To set up the project environment and run the analysis:

git clone https://github.com/YOUR_GITHUB_USERNAME/general-health-lifestyle-factors
cd general-health-lifestyle-factors
pip install -r requirements.txt

Repository Structure

  • README.md: Provides an overview and instructions for the project.
  • Data Cleaning.py: Contains the data cleaning and preprocessing steps.
  • Baseline Models.py: Script for developing baseline predictive models.
  • RF and Boosting.py: Implements the initial Random Forest and Gradient Boosting models.
  • RF and Boosting2.py: Second iteration of tuning for Random Forest and Gradient Boosting models.
  • RF and Boosting3.py: Final iteration for advanced tuning and evaluation of the models.
  • Paper.pdf: The comprehensive research paper detailing background, methodology, analysis, and conclusions.

Running the Code

  1. Clone this repository to your local machine.
  2. Install the required Python packages using: pip install -r requirements.txt.
  3. Execute the Python scripts in the following sequence to replicate the analysis:
    • python "Data Cleaning.py": Cleans and prepares the dataset for analysis.
    • python "Baseline Models.py": Develops and evaluates baseline predictive models.
    • python "RF and Boosting.py": Applies and evaluates the initial Random Forest and Gradient Boosting models.
    • For further tuning and evaluation of the models, run python "RF and Boosting2.py" and python "RF and Boosting3.py" as needed.

Methodology

The project employs comprehensive statistical analysis and data mining techniques such as Regression Analysis, Decision Trees, Random Forest, and Gradient Boosting to predict general health outcomes based on lifestyle factors.

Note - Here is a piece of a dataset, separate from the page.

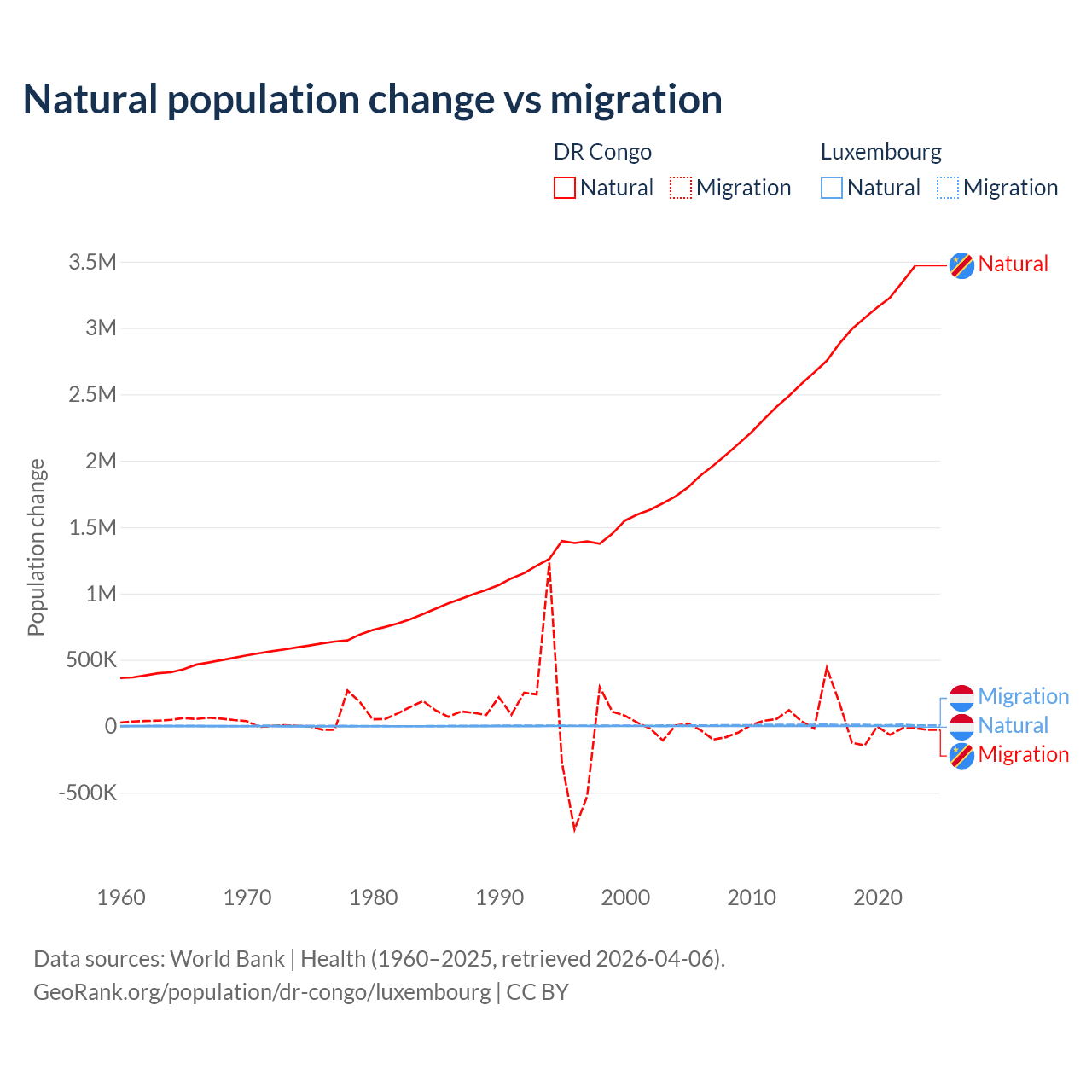 Over the last 10 years, 99.1% of the population change in the DR Congo is from natural causes (a gain of 30,150,516 people) and 0.89% is from migration (a gain of 270,872 people). In Luxembourg 16.8% is from natural causes (a gain of 20,287 people) and 83.2% is from migration (a gain of 100,435 people).

Detailed methodologies including data cleaning, preprocessing, and model development are extensively documented within the paper and corresponding Python scripts.

Findings

The analysis demonstrates significant correlations between lifestyle factors and self-assessed general health, emphasizing the potential of Random Forest and Gradient Boosting models in public health strategies. The tuned Gradient Boosting model, with an accuracy of 85.79%, effectively predicts general health status, underscoring the impact of lifestyle factors.

Conclusion

The findings highlight the critical role of lifestyle choices on general health and showcase the capability of machine learning models to forecast health outcomes. Insights from this study provide a solid foundation for designing health interventions aimed at enhancing general well-being.

Contributing

Contributions, suggestions, and feedback are welcome. Please feel free to fork the repository, make changes, and submit pull requests.

License

This project is released under the MIT License. Please refer to the LICENSE file for more details.

Acknowledgments

  • Georgia Institute of Technology for providing the educational platform.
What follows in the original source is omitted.